Beyond the Scoreboard: Celebrating Black History in Fordham Athletics

Charles led the Rams to one of the best seasons in program history and is equally as influential off the court. (Courtesy of Fordham Athletics)

Charles led the Rams to one of the best seasons in program history and is equally as influential off the court. (Courtesy of Fordham Athletics)

Andrew Posadas, Managing Editor

Considering that we here at The Fordham Ram did not print for the final week of February, I felt it was imperative to use this edition of Beyond the Scoreboard to highlight Black History Month, specifically in Fordham Athletics. In this issue, I want to highlight one of the most successful athletes to have played at Fordham , former Fordham Men’s Basketball star guard Kenneth Charles, FCRH ’73.

Known by coaches, teammates and people around Rose Hill as “K.C.,” Charles played on the hardwood for the Rams from 1970-73. It is universally agreed upon by longtime Fordham fans that the 1970-71 men’s basketball team is undoubtedly the best squad ever seen at the historic Rose Hill Gymnasium. Charles was a sophomore in that season which saw the Rams finish with a 26-3 overall record, rank as high as seventh in the nation and earn a trip to the NCAA Tournament.

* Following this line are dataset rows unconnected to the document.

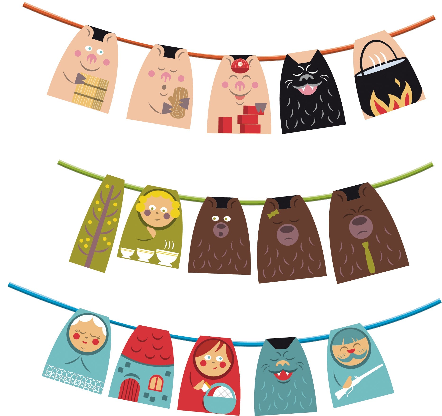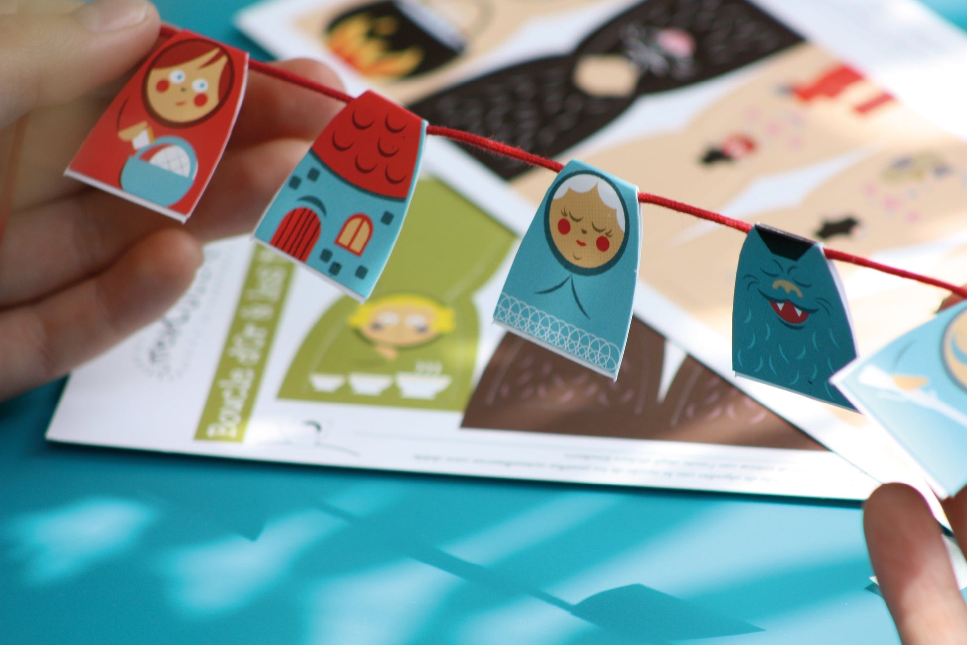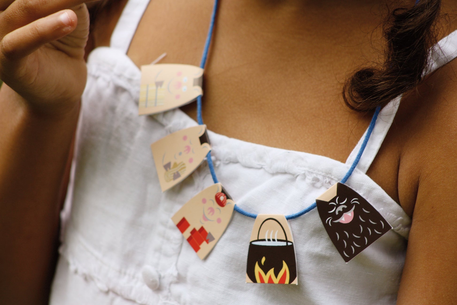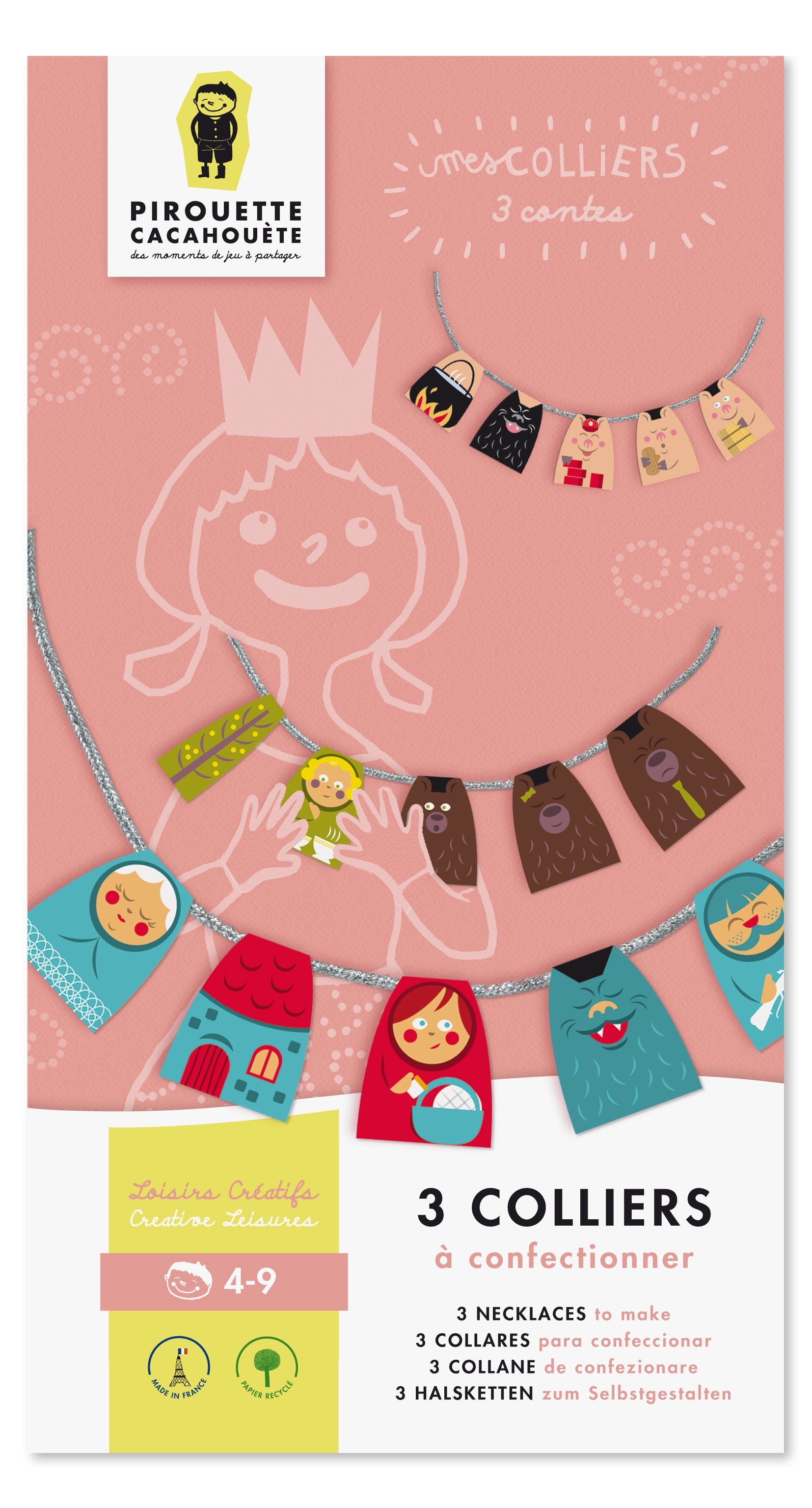 "Des merveilles en papier cartonné débordant de créativité ! Plongez dans un atelier féerique où chaque collier orné d'un fil argenté évoque un conte classique : Le Petit Chaperon Rouge, Les Trois Petits Cochons, et Boucle d'Or et les Trois Ours. Astuce : Pour une attache solide, suivez les instructions de nouage fournies dans la notice."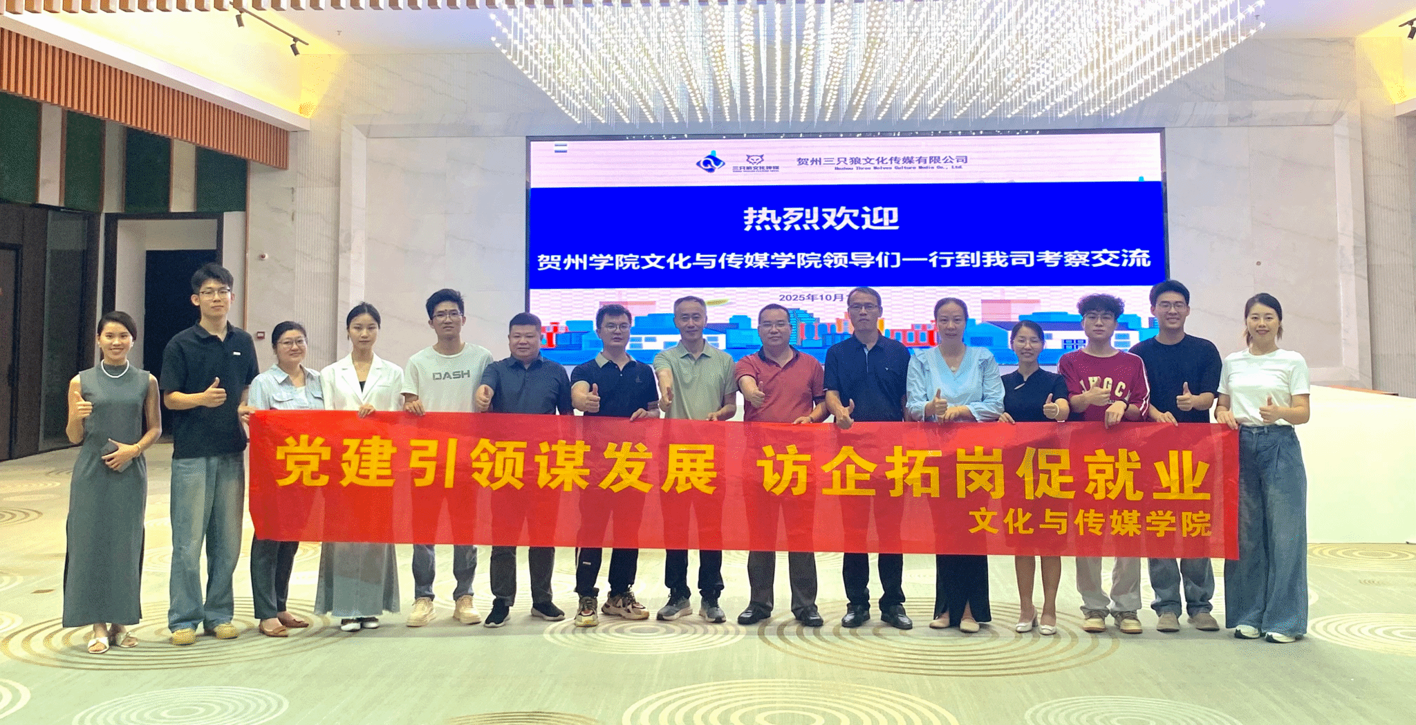 10月10日下午,我院党委副书记、院长付煜带队赴贺州三只狼文化传媒有限公司开展专业调研与访企拓岗活动,学院相关教师参与调研。
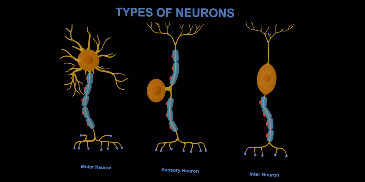 A clear and stylized 3D illustration showing the three major types of neurons: Motor Neuron, Sensory Neuron, and Interneuron. Ideal for biology presentations, teaching materials, student projects, and scientific visualization.
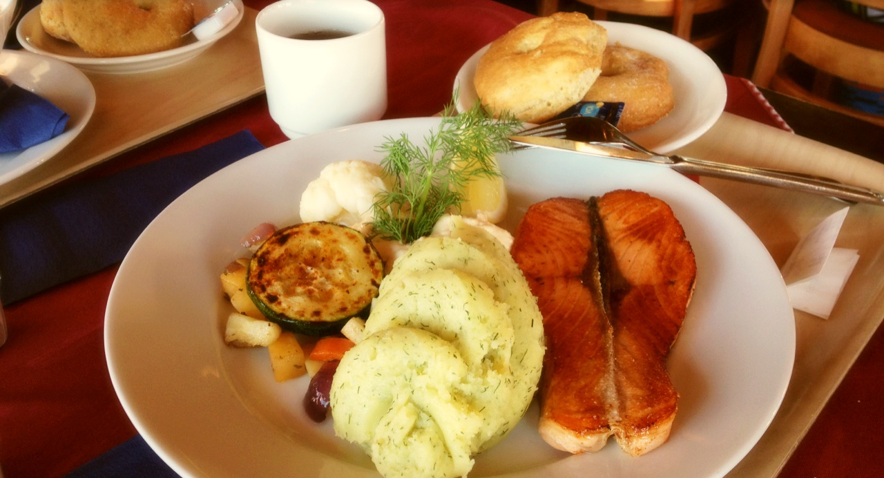 特にサーモンの焼いたのはマッシュポテトの量が半端ないので一人ではきついと思います。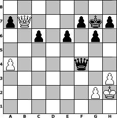 game notation in PGN-format [Event "Sommer-ade,scheiden tut weh."] [Site "www.myChess.de"] [Date "2013.09.18"] [Round "1"] [White "Knight"] [Black "Joschi"] [ECO "B17"] [WhitemyELO "1290"] [BlackmyELO "1598"] [Result "0-1"] [TimeControl "10/1728000"] [WhiteDays "20"] [BlackDays "20"] [MyChessNo "90293"] 1. e4 c6 2. d4 d5 3. Nc3 dxe4 4. Nxe4 Nd7 5. Nf3 Ngf6 6. Nxf6+ Nxf6 7. Bg5 Bg4 8. Be2 e6 9. O-O Be7 10. Ne5 Bxe2 11. Qxe2 Qxd4 12. c3 Qb6 13. Rfd1 Rd8 14. Rxd8+ Bxd8 15. b3 Be7 16. Rd1 Nd5 17. Bd2 Qc7 18. c4 Nf6 19. Bc3 O-O 20. h3 Rd8 21. Rxd8+ Qxd8 22. f4 Qb6+ 23. Kh1 Bb4 24. Bxb4 Qxb4 25. Qd3 Qb6 26. a4 g6 27. Nd7 Nxd7 28. Qxd7 Qxb3 29. c5 Qb4 30. Qc8+ Kg7 31. Qc7 Qxc5 32. Qxb7 Qc1+ 33. Kh2 Qxf4+ 0-1 position notation in FEN-format 8/pQ3pkp/2p1p1p1/8/P4q2/7P/6PK/8 - - - 0 34 Captured white pieces: Captured black pieces: Click on a captured piece in order to display the desired move!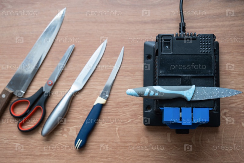 Flatlay лезвие ножа, ножницы, заточки, пыль летает на машине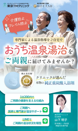 ・40代以上の方が、お子様としてご両親にお届けする、ご両親宅のお風呂を湯治現場にした新しい医療サービスです。東京TMクリニックがその効果を認めた純正重炭酸入浴剤ホットタブ((株)ホットタブ製)がご両親宅に届き、ご両親は、医師や専門の温浴指導専門家によるLINE重炭酸温浴指導・相談・診療を受けることができます。

Led by rookie head coach Richard “Digger” Phelps and a starting lineup that featured just one player over 6’5”, Charles finished as the second leading scorer on the team. He averaged 15 points per game, along with five rebounds in just his first year starting for the varsity team. On Feb. 18 of 1971, the squad had its biggest win of the regular season when Fordham beat 14th-ranked University of Notre Dame in front of a sold out crowd at the newly-built Madison Square Garden.

The win propelled Fordham into the top 20 at No. 18, with the momentum carrying over into the NCAA tournament. Ultimately, the Rams would fall to Villanova University 85-75 in the East Regional Semifinal.

The team finished out the season by defeating the University of South Carolina 100-90 in the East Regional Third Place game, tying a bow on the most successful season in the program’s history. For context, no Fordham men’s basketball team has won more than 26 games in a season since, with the closest being the 1990-91 team which won 25 games that year.

When talking about that team, Charles described it as a once-in-a-lifetime experience while adding, “What made that team was the camarderie. It was incredible. Just incredible.”

Charles would play two more seasons at Fordham, averaging over 20 points in both years, on his way to becoming a two-time team captain. In the 1972-73 campaign, Charles set the school record for most points in a season with 679 in his senior year. Charles finished his senior season averaging 24.3 points per game, the fourth best all-time in school history.

Accumulating 1,697 points in his collegiate career, Charles graduated as Fordham’s third all-time leading scorer and currently ranks seventh on the list. From there, Charles was selected in the second round of the National Basketball Association (NBA) draft by the Buffalo Braves. He played in Buffalo for three seasons before going to Atlanta to play on the Hawks for two seasons.

Charles’ production in the NBA was not as statistically impressive as his numbers were at Fordham. Charles averaged 8.5 points and 2.5 assists over five seasons, and notably led all NBA guards in blocked shots during the 1975-76 season.

However, his story does not end there. Charles earned a bachelor’s degree in political science upon graduation. His career post-basketball included becoming an NBA analyst for ESPN and going back to college, ultimately obtaining a law degree.

Charles would also give back to the game that helped him become just the second black athlete drafted to the NBA from Fordham and the first Afro-Trinidadian born player to do so. Charles became a head coach of the Brooklyn Kings of the United States Basketball league from 1999 to 2007, earning Coach of the Year honors in 2005. In 2011, Charles was inducted into the New York City Basketball Hall of Fame, along with the likes of former New York Knicks president Donnie Walsh and former George Mason University men’s basketball coach Jim Larranaga.

On February 23 of last year, Charles would finally have his no. 44 jersey retired and hung in the rafters of Rose Hill gym, something long-awaited considering he was inducted into the Fordham Athletics Hall of Fame back in 1980 and was the third black athlete to be inducted at that time.

Now, at age 68, Charles works for the New York City Department of Social Services, where he is a special advisor for Intergovernmental and Legislative Affairs in the Human Resources Administration and the Department of Homeless Services. His love for the empire state runs deep, and Charles focuses a majority of his time helping those less fortunate throughout the five boroughs.

As someone who grew up in Brooklyn, Charles believes it is his duty to give back to the city that welcomed him and his family when they immigrated from Trinidad and Tobago to Brooklyn when he was a young child. Charles does not plan on slowing down anytime soon, keeping the passion and desire he developed on the basketball court and utilizing it in his life today.